[Task instructions] Nothing may be left out, so copy every entry exactly.

[Stored data]
BEGIN
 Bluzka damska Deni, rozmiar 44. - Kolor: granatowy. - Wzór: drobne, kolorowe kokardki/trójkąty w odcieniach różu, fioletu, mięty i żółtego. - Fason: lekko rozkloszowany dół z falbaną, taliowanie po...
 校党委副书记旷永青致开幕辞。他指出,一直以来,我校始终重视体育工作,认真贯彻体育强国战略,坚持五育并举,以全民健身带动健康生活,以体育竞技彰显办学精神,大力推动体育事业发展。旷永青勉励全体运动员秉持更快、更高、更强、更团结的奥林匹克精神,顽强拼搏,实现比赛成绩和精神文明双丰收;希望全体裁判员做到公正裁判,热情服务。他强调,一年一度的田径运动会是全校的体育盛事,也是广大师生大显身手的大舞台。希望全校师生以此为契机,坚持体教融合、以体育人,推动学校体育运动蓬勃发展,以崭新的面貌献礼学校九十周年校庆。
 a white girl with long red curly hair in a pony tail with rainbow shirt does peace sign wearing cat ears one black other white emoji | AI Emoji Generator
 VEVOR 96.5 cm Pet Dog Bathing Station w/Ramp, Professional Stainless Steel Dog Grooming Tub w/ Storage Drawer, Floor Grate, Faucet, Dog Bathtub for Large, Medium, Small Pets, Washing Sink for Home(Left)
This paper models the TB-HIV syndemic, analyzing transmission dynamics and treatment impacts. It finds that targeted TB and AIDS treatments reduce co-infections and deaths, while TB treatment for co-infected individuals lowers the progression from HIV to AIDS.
END
[Reply]
 Bluzka damska Deni, rozmiar 44. - Kolor: granatowy. - Wzór: drobne, kolorowe kokardki/trójkąty w odcieniach różu, fioletu, mięty i żółtego. - Fason: lekko rozkloszowany dół z falbaną, taliowanie po...
 校党委副书记旷永青致开幕辞。他指出,一直以来,我校始终重视体育工作,认真贯彻体育强国战略,坚持五育并举,以全民健身带动健康生活,以体育竞技彰显办学精神,大力推动体育事业发展。旷永青勉励全体运动员秉持更快、更高、更强、更团结的奥林匹克精神,顽强拼搏,实现比赛成绩和精神文明双丰收;希望全体裁判员做到公正裁判,热情服务。他强调,一年一度的田径运动会是全校的体育盛事,也是广大师生大显身手的大舞台。希望全校师生以此为契机,坚持体教融合、以体育人,推动学校体育运动蓬勃发展,以崭新的面貌献礼学校九十周年校庆。
 a white girl with long red curly hair in a pony tail with rainbow shirt does peace sign wearing cat ears one black other white emoji | AI Emoji Generator
 VEVOR 96.5 cm Pet Dog Bathing Station w/Ramp, Professional Stainless Steel Dog Grooming Tub w/ Storage Drawer, Floor Grate, Faucet, Dog Bathtub for Large, Medium, Small Pets, Washing Sink for Home(Left)
This paper models the TB-HIV syndemic, analyzing transmission dynamics and treatment impacts. It finds that targeted TB and AIDS treatments reduce co-infections and deaths, while TB treatment for co-infected individuals lowers the progression from HIV to AIDS.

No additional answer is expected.